(Try it) Print every record below exactly, minus the pictures.
◇ ◇ ◇ ◇ ◇ ◇ ◇
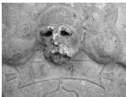
Arca sepulcral y detalle con la fecha

mantiene el típico reborde de rollos (32). En el centro del arca, en la parte superior, se sitúa hacia abajo el torso de un sátiro agarrando ambos emblemas con sus manos y por delante de su cabeza hay una cartela ansata con el año 1548. Los laterales se decoran con motivos de candelieri con una máscara de león en el centro, seguidos de dos relieves de figuras masculinas de robustas anatomías y en posiciones muy forzadas que parecen sustentar a los telamones de las ménsulas. Por encima hay un entablamento que sirve de apoyo al siguiente cuerpo.
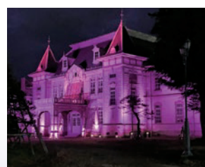
米沢市 旧米沢高等工業学校本館
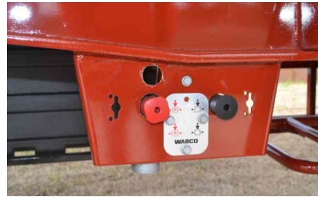
Panel de control de frenos
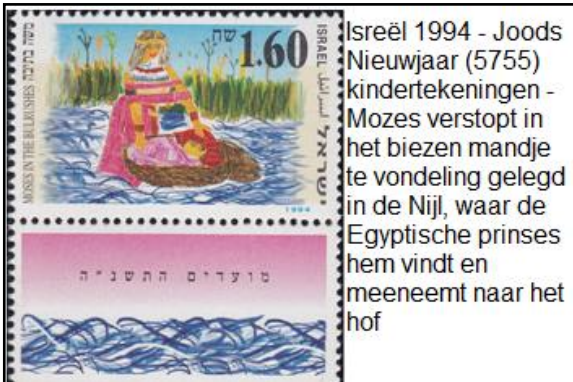
Israël 1994 - Joods Nieuwjaar (5755) kindertekeningen - Mozes verstopt in het biezen mandje te vondeling gelegd in de Nijl, waar de Egyptische prinses hem vindt en meeneemt naar het hof

De farao wilde namelijk alle Hebreeuwse jongetjes die geboren werden, onmiddellijk bij- of vlak na de geboorte doden om zo successievelijk het Joodse volk uit te roeien en Sifra en Pua, als hoofd van het vroedvrouwengilde moesten daar voor zorgen. De pas geboren meisjes mochten blijven leven.
◇ ◇ ◇ ◇ ◇ ◇ ◇
(Output)
Arca sepulcral y detalle con la fecha

mantiene el típico reborde de rollos (32). En el centro del arca, en la parte superior, se sitúa hacia abajo el torso de un sátiro agarrando ambos emblemas con sus manos y por delante de su cabeza hay una cartela ansata con el año 1548. Los laterales se decoran con motivos de candelieri con una máscara de león en el centro, seguidos de dos relieves de figuras masculinas de robustas anatomías y en posiciones muy forzadas que parecen sustentar a los telamones de las ménsulas. Por encima hay un entablamento que sirve de apoyo al siguiente cuerpo.
米沢市 旧米沢高等工業学校本館
Panel de control de frenos
Israël 1994 - Joods Nieuwjaar (5755) kindertekeningen - Mozes verstopt in het biezen mandje te vondeling gelegd in de Nijl, waar de Egyptische prinses hem vindt en meeneemt naar het hof

De farao wilde namelijk alle Hebreeuwse jongetjes die geboren werden, onmiddellijk bij- of vlak na de geboorte doden om zo successievelijk het Joodse volk uit te roeien en Sifra en Pua, als hoofd van het vroedvrouwengilde moesten daar voor zorgen. De pas geboren meisjes mochten blijven leven.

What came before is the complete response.